How Mary Barra Went From Inspecting Fender Panels To GM's First Female CEO
Strategy2 min read

Mary Barra GM

Reuters/Mike Cassese

General Motor's announcement that Mary Barra will take over for Dan Akerson next year, becoming the automaker's first female CEO, is an important step forward for an industry that has been, and remains, dominated by men.

It also follows a highly successful 33-year career at GM. Here's a look back at how Barra, 51, went from inspecting fender panels as a teen to the auto industry's first female chief.

Barra is a GM lifer in every sense. Her father was a die-maker at a Pontiac plant for almost 40 years, Fortune reports. Her first car was a Chevy. And her very first job at GM came at age 18, when she participated in a GM program that helped pay her college tuition. She spent half the year working for the company, initially inspecting fender and hood panels at a Pontiac plant.

Barra has been with the company since graduating from Kettering University, then called the General Motors Institute, in 1985 with a degree in electrical engineering. She started as a senior engineer at a Pontiac Fiero plant, according to Fortune. She was quickly recognized as someone with management potential, and GM sent her to Stanford Business School.

Immediately after getting her MBA, she got her first job as a GM manager, running manufacturing planning. Then came a series of increasingly visible jobs, including executive assistant to GM's CEO in the mid '90s, fixing a troubled internal communications department, turning around an important and troubled Detroit plant, and bringing data and efficiency to the company's messy human resources department, which earned her a spot on GM's executive committee.
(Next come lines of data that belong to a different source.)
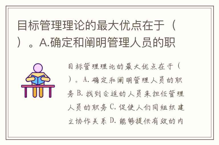 目标管理理论的最大优点在于()。A.确定和阐明管理人员的职务 B.找到合适的人员来担任管理人员的职务 C.促使人们同组织建立协作关系 D.能够提供有效的内心激励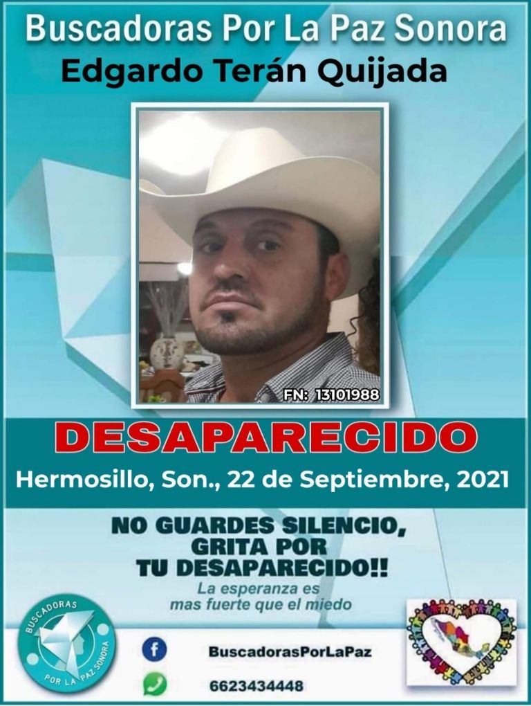 Hermosillo, Sonora.- El colectivo Buscadoras por la Paz solicita la ayuda de la ciudadanía para localizar al señor Edgardo Terán Quijada, el cual se encuentra en calidad de desaparecido desde hace varios días en su natal Hermosillo, Sonora.
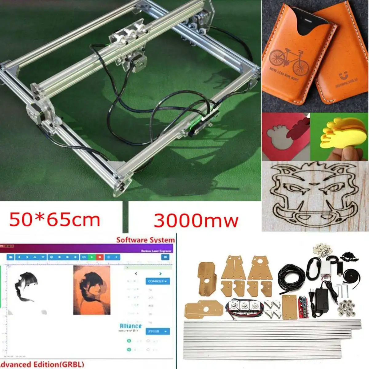 New 50*65cm Mini 3000MW Blue Laser Engraving Engraver Machine DC 12V DIY Desktop Wood Cutter/Printer/Po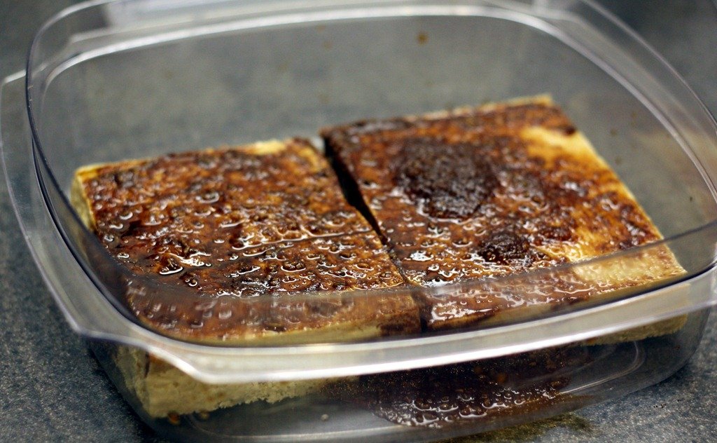 Cut the tofu in half lengthwise and place in a shallow dish (I used Tupperware). Pour half whiskey mixture over the top of the tofu and rub in to coat. Flip tofu and pour remaining whiskey mixture over tofu and rub in. Coat all sides of tofu with extra marinade in the dish. Allow to sit for at least 30 minutes, preferably an hour.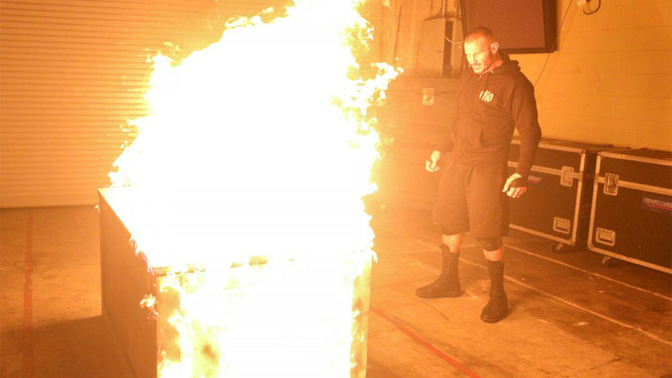 The duo entered a garage as Orton placed Wyatt inside of a large wooden box and locked it from outside. He grabbed a tank of gasoline and poured it all over the wooden box. After emptying the gas can, he dropped a lighter on top of the box, igniting it in the.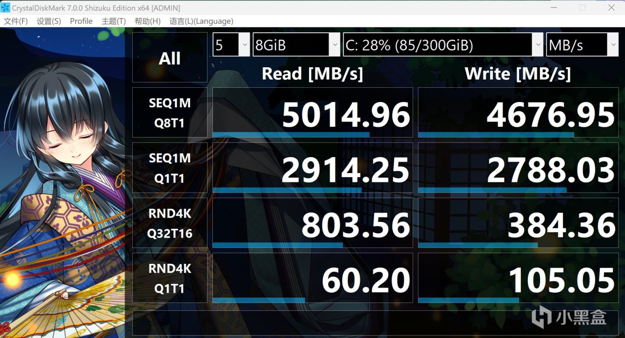 CDM跑下来5014的顺序读取,4676的顺序写入,Q32T16 4K 803读取,384写入,Q1T1 4K 60读取,105写入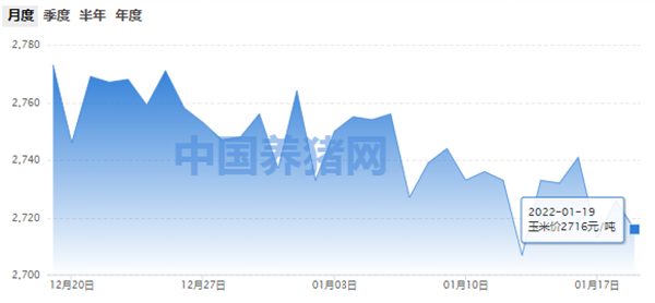 玉米(饲料原料)价格为2716元/吨;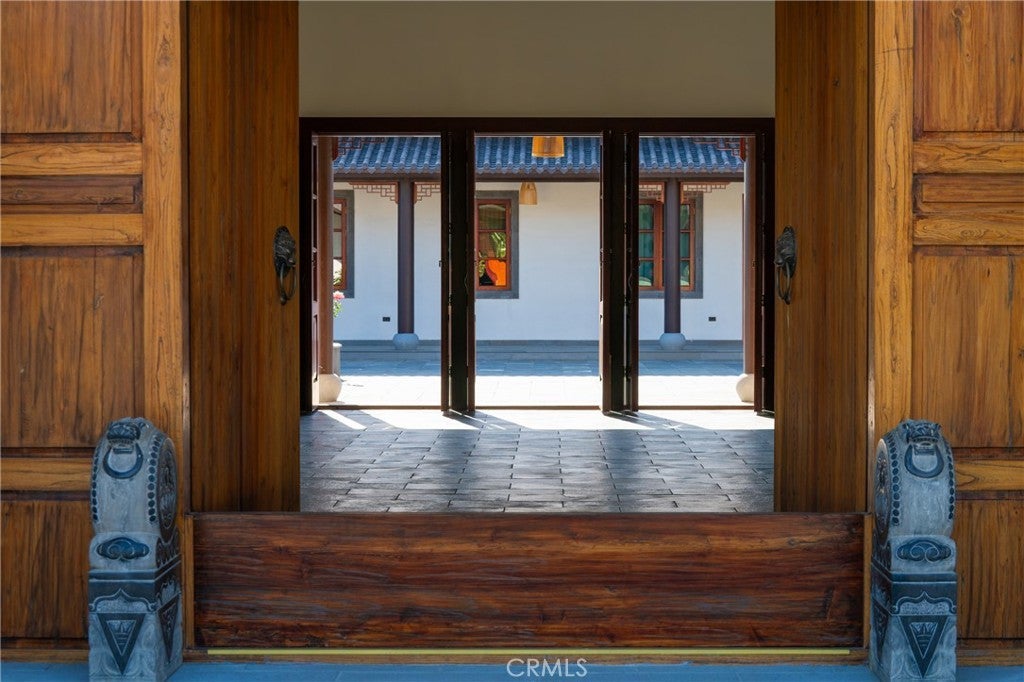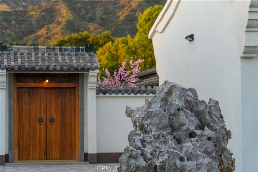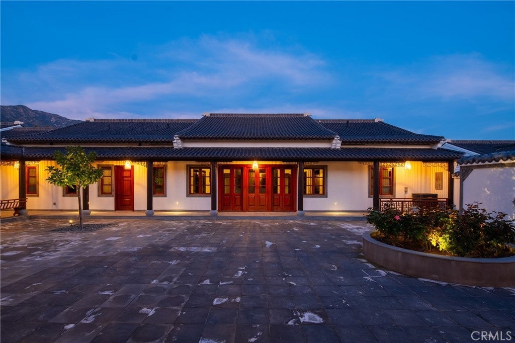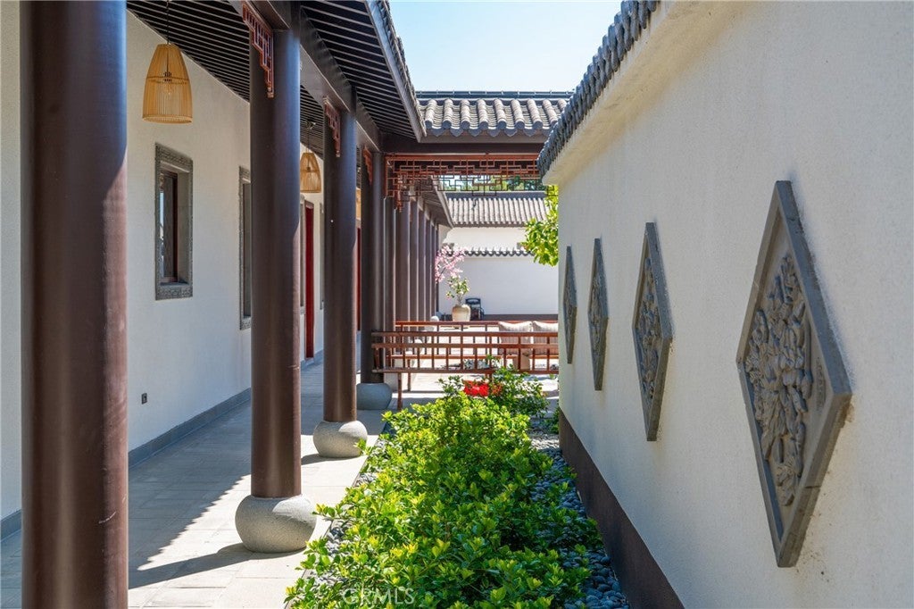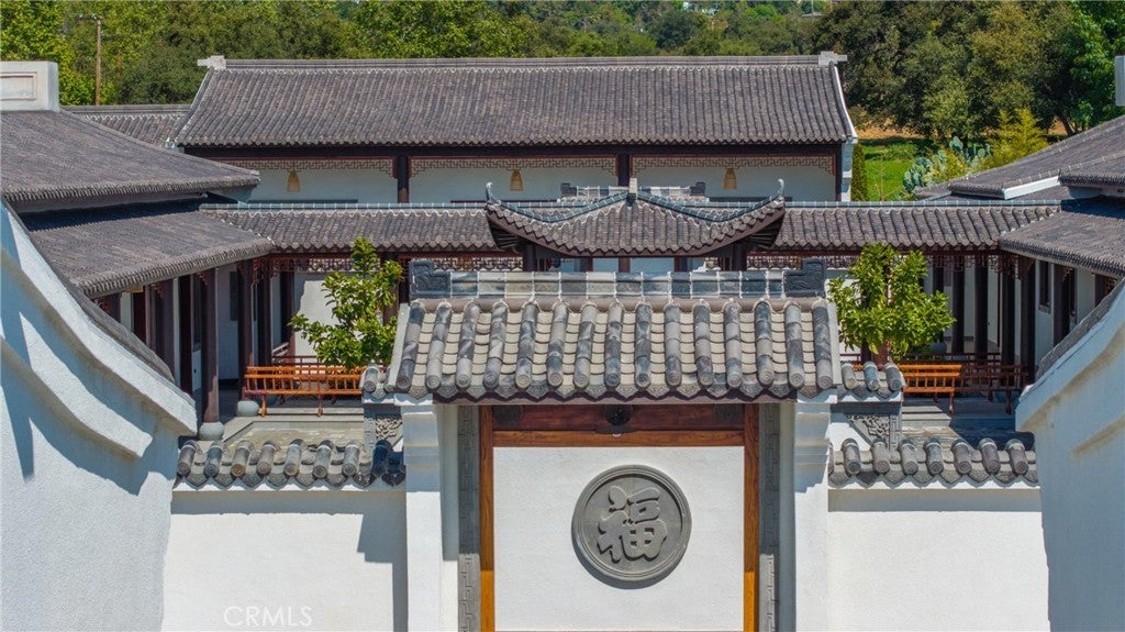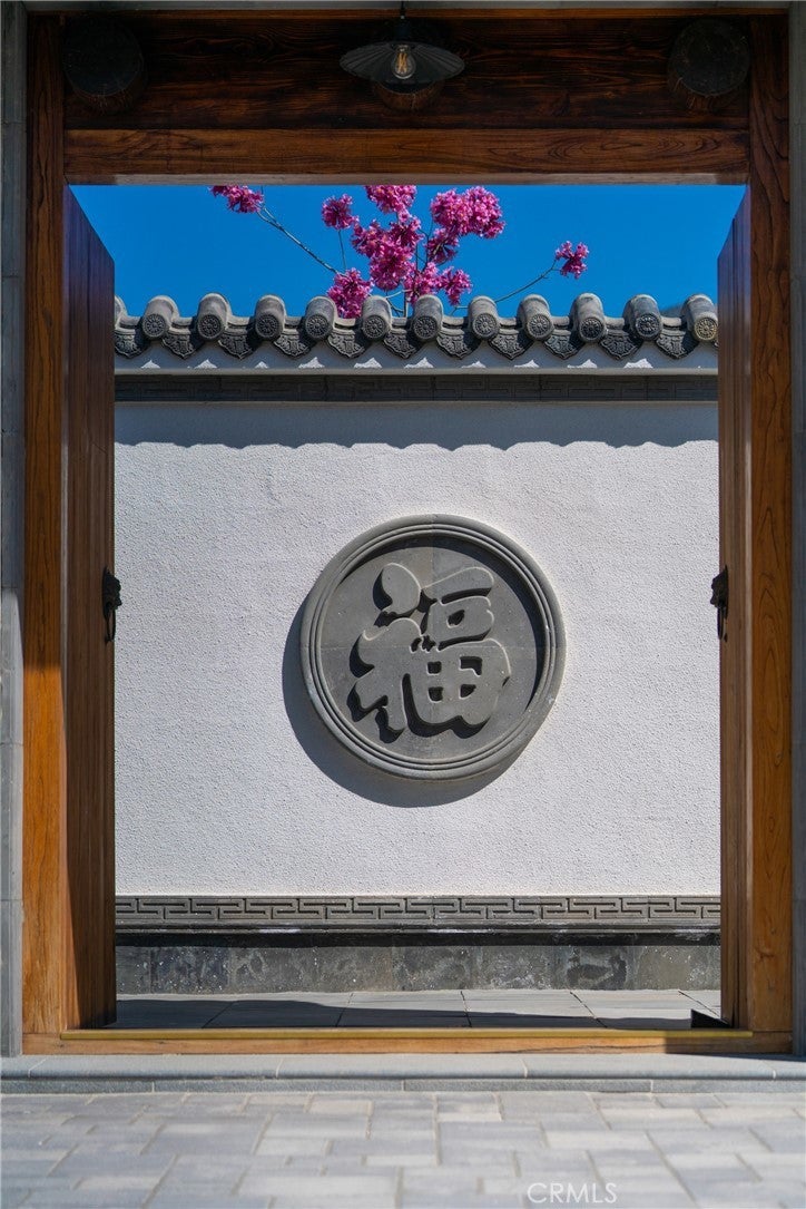 Located in Bradbury’s most prestigious gated enclave, this extraordinary estate spans approximately 4.45 acres with over 17,000 square feet of living space. Inspired by Suzhou Garden aesthetics and traditional Beijing courtyard design, the residence was crafted over eight years in collaboration with the team behind the Huntington Library’s celebrated Chinese Garden, Liu Fang Yuan. The result is a seamless blend of cultural artistry and contemporary comfort, showcasing dark-fired brick flooring, layered gray clay roof tiles, flying eaves, intricate brick carvings, and openwork window screens. The estate follows a traditional three-courtyard configuration across four separate structures, offering a harmonious balance of space, privacy, and functionality. The First Courtyard centers around a symbolic Taihu “Longevity Stone,” with a formal entry that welcomes with symmetry and serenity. The East and West Wings each feature two bedrooms, two bathrooms, a full kitchen, and a private garden—ideal for multigenerational living or guest accommodations. The Second Courtyard, the heart of the estate, includes upturned eaves, pavilions, shaded walkways, and a wraparound veranda. A sculpted screen wall engraved with the Chinese character for “fortune” serves as a symbolic focal point. The expansive East Hall, with 20-foot ceilings and over 1,100 square feet of open space, accommodates grand entertaining, cultural events, or private gatherings. Additional features include tea rooms, lounge areas, a 10-by-82-foot indoor heated pool, and an eight-car garage with EV charging. The Third Courtyard, positioned on a gentle rise, embodies tranquility and prominence, with a serene study, spacious primary suite, walk-in dressing room, and luxurious bath. Openwork screens and carefully placed windows filter natural light throughout, creating a peaceful, contemplative atmosphere. The gardens evoke Suzhou’s poetic landscapes with Taihu stones, an arche Bluestone bridge, and a bubbling spring reminiscent of Jinan’s Baotu Spring. To the south, the architecture curves in homage to Suzhou’s Jinji Lake. Hidden within the estate is a 30.8 kW commercial-grade solar power system, supporting sustainability without compromising its timeless elegance. This architectural heirloom offers unparalleled privacy, master craftsmanship, and cultural depth—truly one of the most significant residences in California.
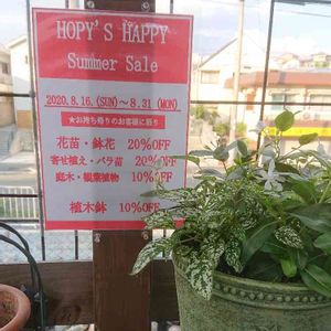 本日より後半戦スタート! 恒例の『ホピーのハッピーサマーセール』開催します! お持ち帰りのお客様に限り 花苗・鉢花 20%off 寄せ植え・バラ苗 20%off 庭木・観葉植物 10%off 植木鉢 10%off で販売致します! 是非この機会にお得にお買い物して下さいね! #夢と緑を運ぶ店ホピー#有限会社鈴蘭園#神戸市北区#園芸店#ガーデニング#花屋#花のある暮らし#植物のある暮らし#花好きと繋がりたい#神戸から発信#ホピーのハッピーサマーセール @ ホピー鈴蘭園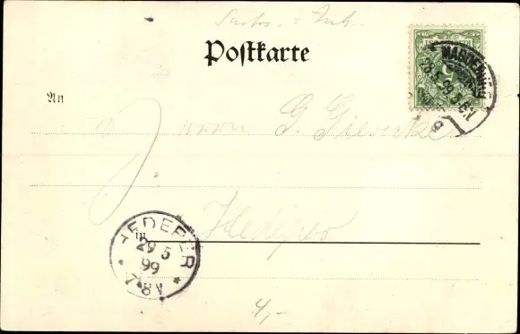 Zustand, siehe Scan, gelaufen, 1899 - ca 14 cm X 9 cm

Throughout that time, Barra managed to avoid the toxic politics that had come to define GM's internal culture. Instead, her career at GM has been defined by a drive toward efficiency, agility, and better quality, things that the company sorely lacked as it fell behind other automakers.

But there was a lot of dysfunction to cut through, she said in an interview with Forbes.

"I think I lost six months of my life being sent to meetings to argue about a communications protocol," said Barra. "The problem is the engineers in the room could have made a decision, but they weren't empowered to. Frankly, if we'd just picked one, it didn't matter."

Part of the confusion came from the manufacturing side. In that first job in a Pontiac factory, Barra saw defect after defect in hood and fender panels.

Barra tackled the inefficient internal organization and poor manufacturing processes as head of HR. She also made her mark on the all-important product development side when she revamped a complicated management structure that had three executives in charge of every car model.

In 2011 came her biggest test: She was appointed senior vice president for global product development, determining the look, feel, and engineering of GM's most important products, despite having very little experience in designing or developing vehicles. Her manufacturing and quality background came through, resulting in a noticeable uptick in the quality and perception of GM's vehicles.

Barra is a historic choice to lead the company, and a highly qualified one. And although GM is free of its ties to the U.S. government, it still has a great deal of ground to make up, and she has her work cut out for her.